Death Penalty Abolished In Washington

A five-member majority on the State Supreme Court did not say that executing people who commit heinous crimes is inherently wrong, but said evidence showed that death sentences had been “imposed in an arbitrary and racially biased manner.” Four other justices concurred with the conclusion in a separate, equally sweeping decision.

“We are confident that the association between race and the death penalty is not attributed to random chance,” the majority’s decision said. The finding grew out of an appeal brought by Allen Eugene Gregory, a black man who was convicted of the rape, robbery and murder of a waitress named Geneine Harshfield in 1996. Mr. Gregory, 46, was sentenced to death in 2001.

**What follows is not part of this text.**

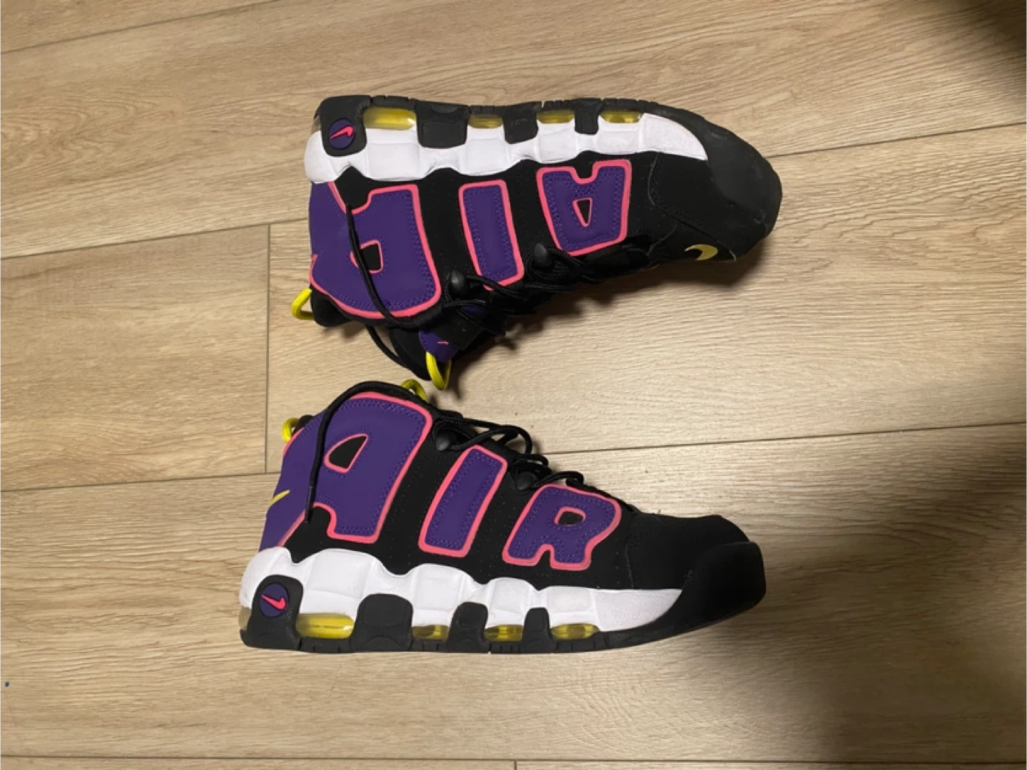 Nike Air More Uptempo shoes in a vibrant purple and pink colorway! These shoes are in great condition and feature the iconic 'AIR' design on the sides. Perfect for adding a pop of color to your wardrobe!

Use of the death penalty has been in decline across the nation for nearly two decades, and Washington has not executed anyone since 2010. In 2014, Gov. Jay Inslee, a Democrat, ordered a moratorium on all executions.

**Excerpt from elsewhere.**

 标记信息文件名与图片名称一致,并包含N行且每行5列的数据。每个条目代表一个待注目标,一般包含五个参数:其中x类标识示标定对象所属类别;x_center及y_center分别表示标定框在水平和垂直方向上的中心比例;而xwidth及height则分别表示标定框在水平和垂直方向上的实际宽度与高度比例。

Capital punishment remains legal in 30 states, and is also allowed by the federal government and the United States military. But the number of death sentences actually imposed has steadily fallen since a peak in 1999, when there were 98 executions across the nation, according to the Death Penalty Information Center. In 2017, there were 23. Only 10 states, including Texas, Ohio and Florida, have carried out any executions since 2014.

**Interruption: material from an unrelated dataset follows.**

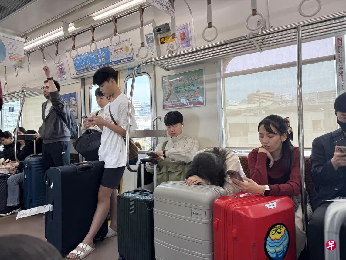 《联合早报》记者星期日(5月11日)到大阪采访,目睹市内列车上几乎全是外国游客,好多人都提着或推着大型行李。有个日本老人上了列车,立即皱起眉头,下车时还因周围游客的行李太多差点挤不出去,老先生只能频频摇头。

In its decision, the Washington Supreme Court said that death as a penalty for crime is not in itself unconstitutional, but that the law as it has been written by the Legislature and applied by judges and juries was too deeply flawed to continue.

“We leave open the possibility that the Legislature may enact a ‘carefully drafted statute,’” the majority wrote. “But it cannot create a system that offends constitutional rights.”

Mr. Inslee said in a news conference that he would veto any bill that attempted to reinstate the death penalty or to fix the flaws outlined by the justices.